Она, конечно, была права. Врачиха предложила выписать мне как язвеннику диету с усиленным питанием на время пребывания в Томской транзитке. Я поблагодарил и отказался.

Меня вернули в камеру, и я лег спать.

Через час меня разбудили и повели по каким-то новым коридорам. Потом завели в большую приемную, на двери которой было написано “Начальник СИЗО № 1 Такой-то”.

“Хозяин”.

В кабинете ждали оба – “хозяин” и “кум”. Они еще раз терпеливо рассказали мне про законы природы, которые отменить нельзя, как, впрочем, и установления ГУИТУ об этапировании заключенных. Мне предложили прекратить голодовку и пообещали этапировать, как только вскроется река.

– Я сам раньше “вскроюсь”, – пообещал им я. – На хуй мне такая жизнь – в тюрьме. “Вскроюсь”, а вы с “конторскими” потом разбирайтесь.

Я еще говорил много чего, уже не помню, потому что в голове у меня шумело и все вокруг казалось подернутым каким-то зеленым цветом. Иногда перед глазами появлялись черные точки, и мир вокруг начинал плыть, особенно по углам. “Кум” предостерег меня, что если я не прекращу голодовку добровольно, на восьмой день меня начнут кормить насильно. Или на десятый, уже не помню. Я пообещал, что не прекращу, и меня отправили в камеру.

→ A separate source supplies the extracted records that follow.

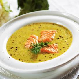 - Pievieno jūras velšu maisījumu, pārkaisa sāli un čili pārslas, iemaisa, visu izkarsē, bet nevāra un pievieno zupai katlā.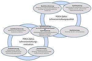 Aus dieser Abbildung wird ersichtlich, dass innerhalb eines Qualitätskreislaufs, weitere Qualitätskreisläufe stattfinden können. Das Ziel, die Lehrveranstaltungsqualität zu sichern und zu verbessern, durchläuft den PDCA-Zyklus, indem die Veranstaltung geplant, umgesetzt, überprüft und weiterentwickelt wird. Innerhalb der Überprüfung findet wiederum in einem separaten PDCA-Kreislauf die Lehrveranstaltungsevaluation statt.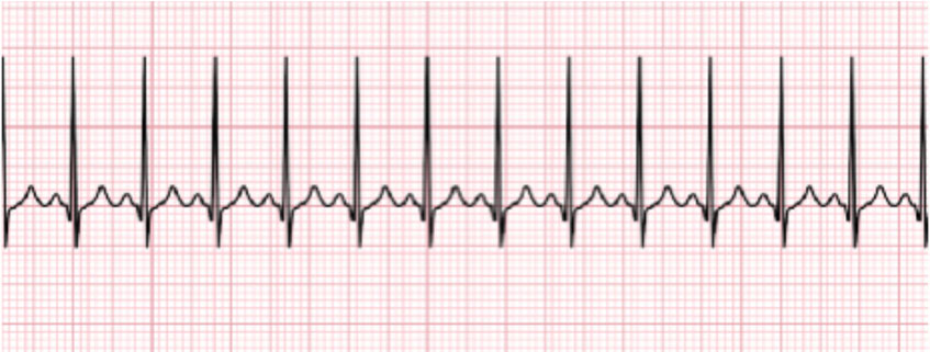 Repeat vitals: P: 160, BP: 92/54. You now see the following rhythm on the monitor: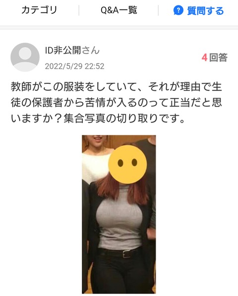 【悲報】女教師さん、お胸がデカすぎてPTAに処罰されてしまう (※画像あり) Twitter Facebook はてブ LINE コピー 2024.10.04 スポンサーリンク 1:以下、?ちゃんねるからVIPがお送りします:2024/05/22(水) 06:58:40.256 ID:toJHQt3IM 2:以下、?ちゃんねるからVIPがお送りします:2024/05/22(水) 06:59:29.913 ID:ayM869nI0 確かに髪色の方が色々言われそう 続きを読む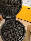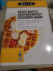 This BELLA Rotating Waffle Maker, model GH-805, is a fantastic addition to any kitchen. With its easy one-flip operation, making delicious waffles has never been easier. The waffle maker is made of high-quality ceramic titanium material that ensures durability and easy cleaning. The 1100W electric power source ensures quick heating, and the non-stick feature makes it easy to remove your waffles without damaging them. The waffle maker comes with a drip tray, making it a mess-free experience, and the silver color and sleek design will fit in with any kitchen decor.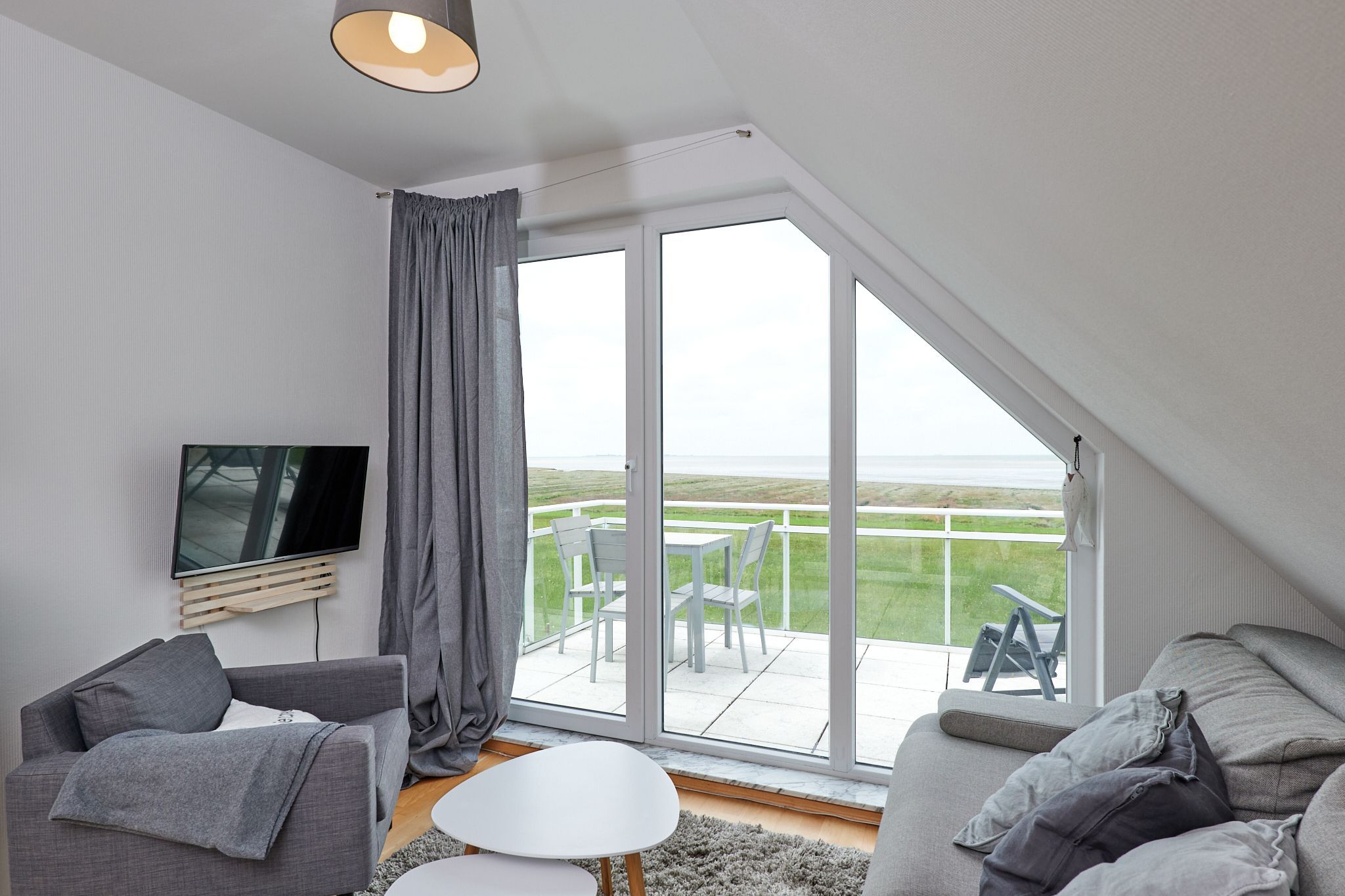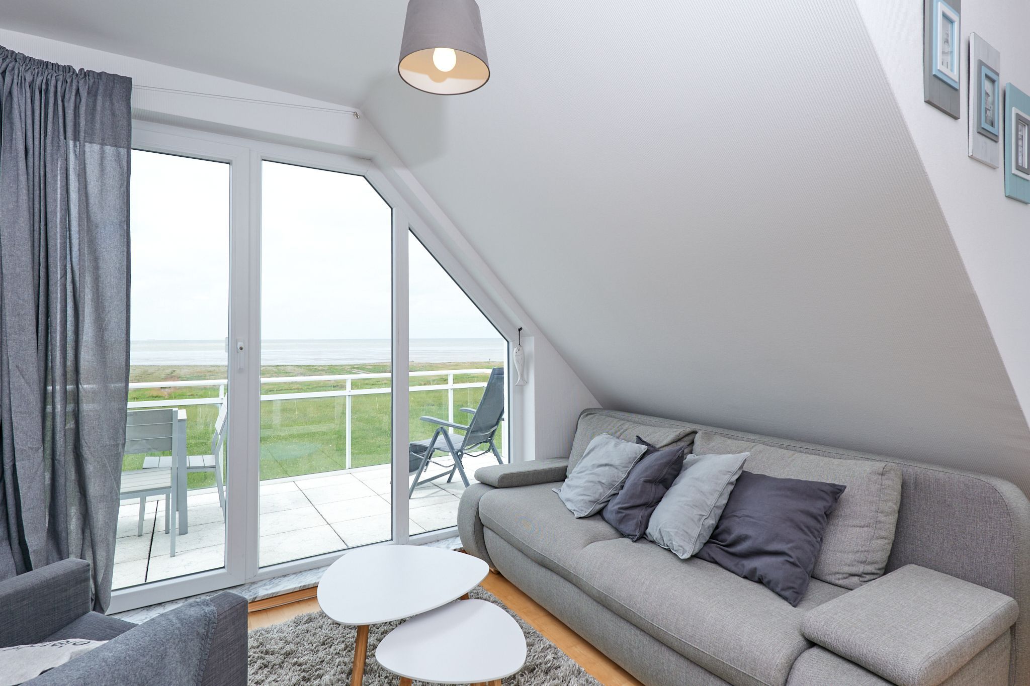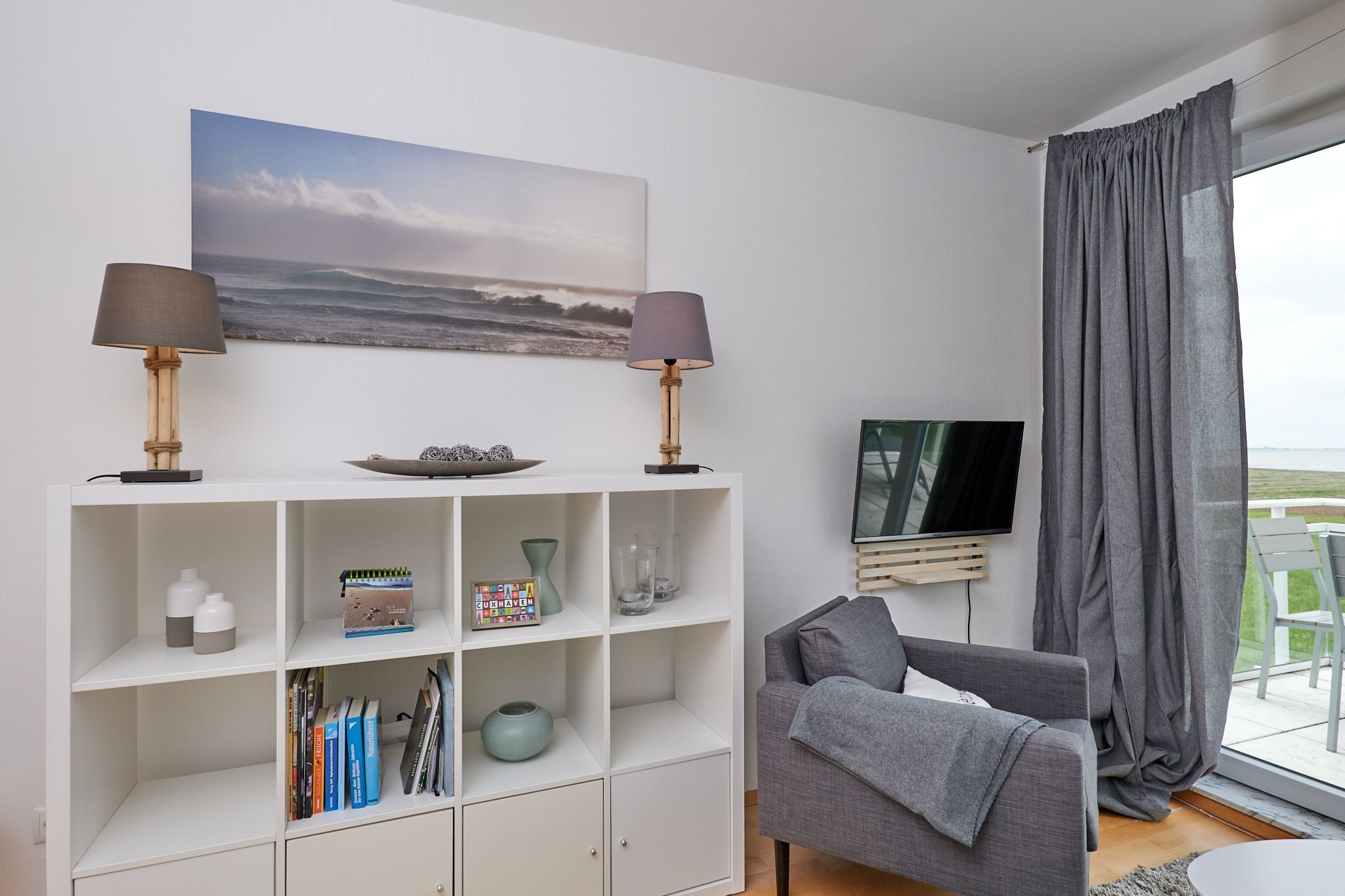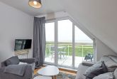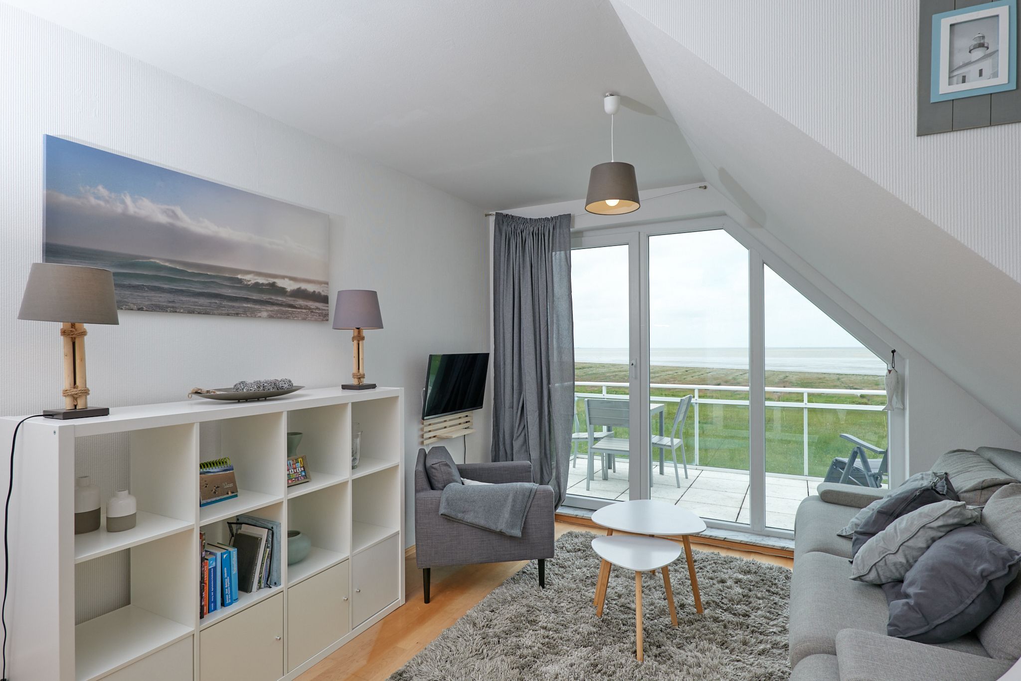 Genießen Sie den Komfort eines kombinierten Wohn- und Schlafzimmers mit einer hochwertigen Doppelbettcouch mit einem Topper von Emma und Parkettboden. Entspannen Sie in der modernen Dusche/WC und genießen Sie Ihre Lieblingssendungen auf dem SAT-TV. Dank leistungsfähigem WLAN mit 250 Mbit/s Download sind Sie stets online. Die voll ausgestattete Küchenzeile mit Geschirrspüler, Kaffeepadmaschine und Mikrowelle lässt keine Wünsche offen. Ein kleiner Flur und ein Abstellraum bieten zusätzlichen Komfort. Der Balkon mit Panoramablick auf das Weltnaturerbe Wattenmeer lädt zum Verweilen ein. Nutzen Sie den Personenaufzug und die Fahrradabstellmöglichkeiten. Haustiere und Rauchen sind nicht gestattet. Ein reservierter Pkw-Stellplatz #6 am Haus ist für Sie vorhanden.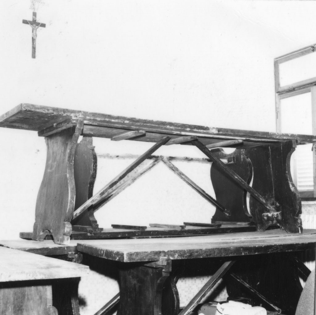 - NOTIZIE STORICO CRITICHE Il tavolo fratino vero e proprio era in origine stretto e lungo perchè doveva essere appoggiato alla parete in quanto i commensali sedevano ad un unico lato. Ancora nel XV-XVI sec. si designavano con questo nome tavoli diversi, ma caratterizzati da certi moduli, come per esempio le mense, che rimangono di sobria struttura e di taglio rustico. I cinque tavoli fratini in questione sono in noce e castagno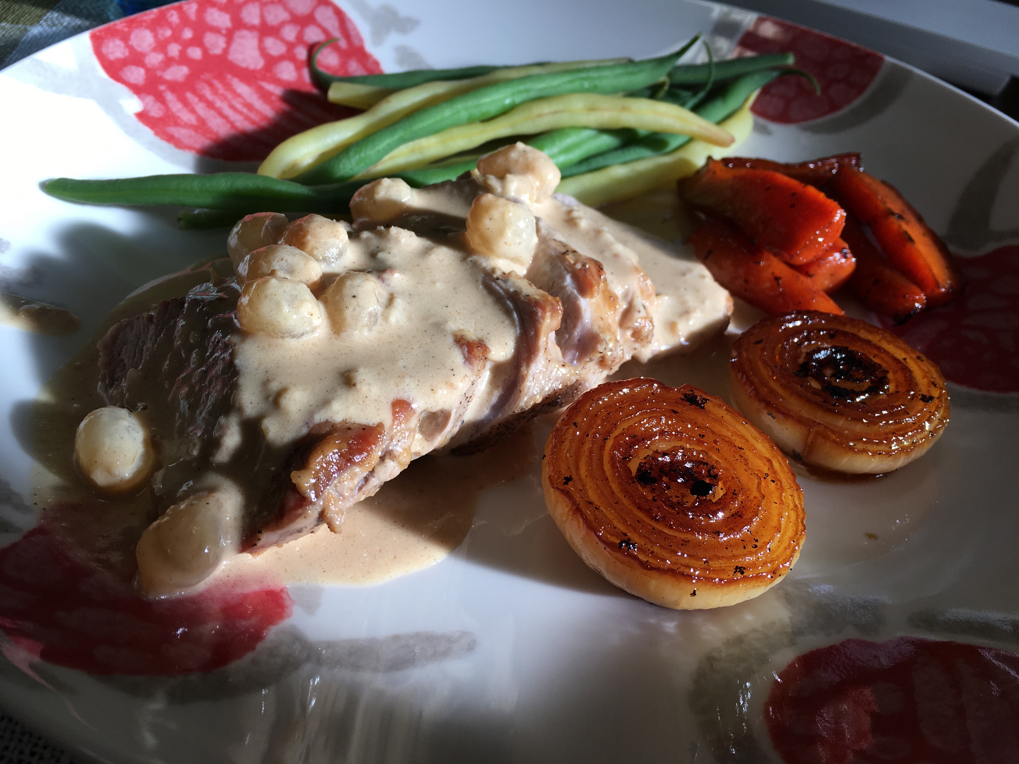 Ihana ateria, vaikka herra Zucchini hieman epäilevästi tökki papujaan ja pohti ovatko ne varmasti syötäviä. Sipulit olivat herkullisia! Vihreää salaattia, vuohenjuustoa ja pari tällaista olisi täydellinen lounas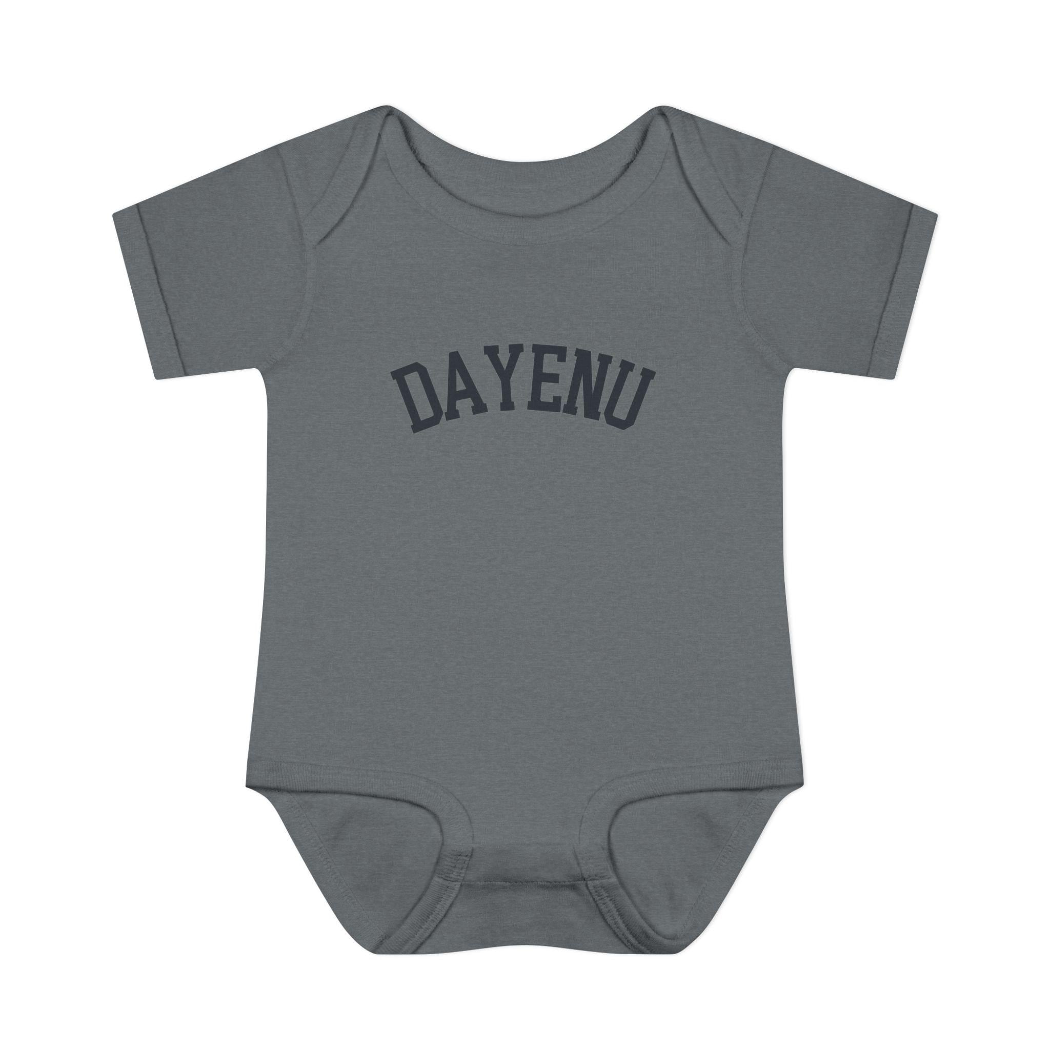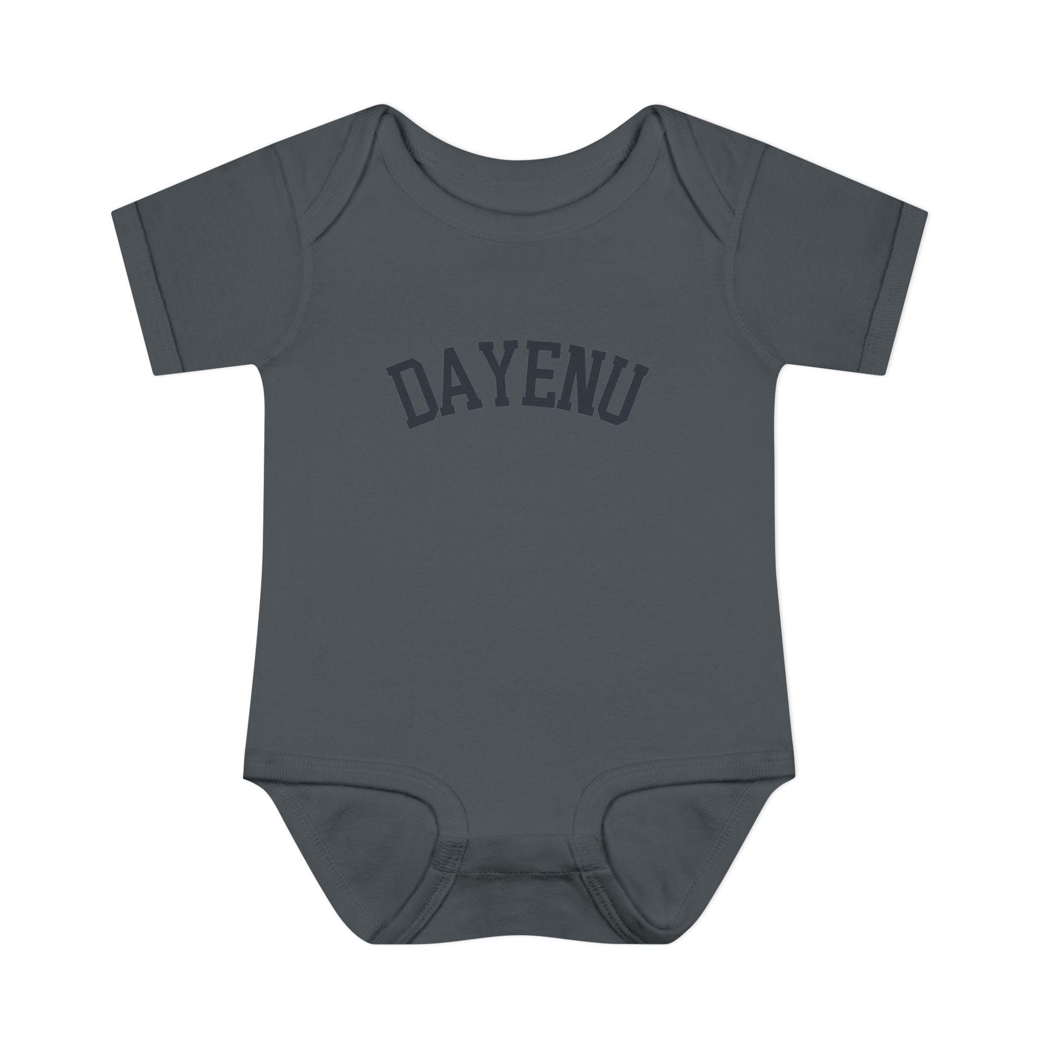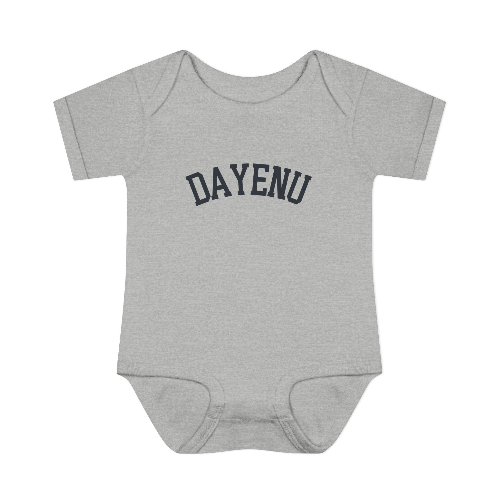 Celebrate Passover with a modern, minimal baby look. This soft Dayenu infant bodysuit features a clean arched wordmark design that feels timeless, understated, and meaningful — perfect for Seder night, holiday photos, or gifting a Jewish newborn during Pesach.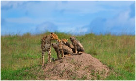 Cheetah mother with cubs on a mound in African sav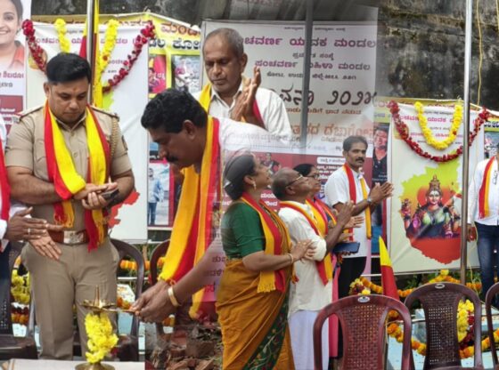 ಕನ್ನಡ ಧ್ವಜವನ್ನು ಕೋಟ ಆರಕ್ಷಕ ಠಾಣಾಧಿಕಾರಿ ಪ್ರವೀಣ್ ಕುಮಾರ್ ಅರಳಿಸಿ ಭುವನೇಶ್ವರಿಗೆ ಪುಷ್ಭ ನಮನ ಸಲ್ಲಿಸಿದರು.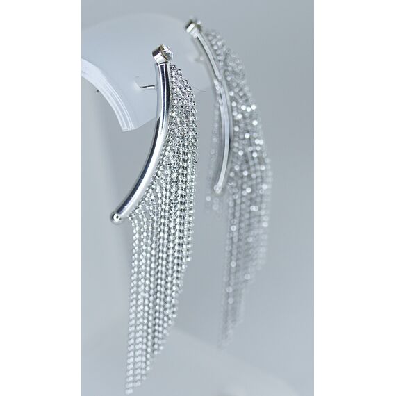 Серьги женские из гипоаллергенного ювелирного сплава серого цвета. Вставка- циркон белого цвета. Высота серег- 6,0см, ширина-4,0см. Застежка- пусет.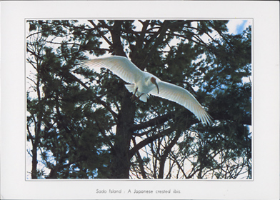 同じく佐渡島から、羽ばたくトキ。

А там шел военный совет: оказывается, в этот день в ШИЗО умер местный “авторитет” по кличке Бура. Он сидел в ШИЗО почти безвылазно – его постоянно “закрывали через нулевку” как отрицательный элемент. В транзитку пришла “малява” об этом горестном событии, в которой братва выражала сомнения в естественных причинах смерти Буры и сообщала, что тюрьма готовится наутро “упасть”, то есть “уйти” в голодовку в знак протеста против ментовского беспредела. В конце послания задавался вопрос, поддержит ли транзитка тюрьму.

Не знаю, убили ли Буру в ШИЗО контролеры или он умер сам, но человек он был в Томке известный – “кристально чистый пацан” – и пользовался большим авторитетом. Мы, однако, были ссыльные, и местные дела имели к нам мало отношения: портить себе жизнь нарушениями никто не хотел. С другой стороны, “продать” братву было нельзя.

Зелик и Дядя Вася удалились на военный совет, занавесившись одеялом, и через полчаса Зелик объявил “хате”:

– Утром “падаем” вместе со всеми. Кто не хочет – пусть ест. “Предъявлять” не будем: каждый сам решает.

Наутро транзитка “упала” вместе с тюрьмой.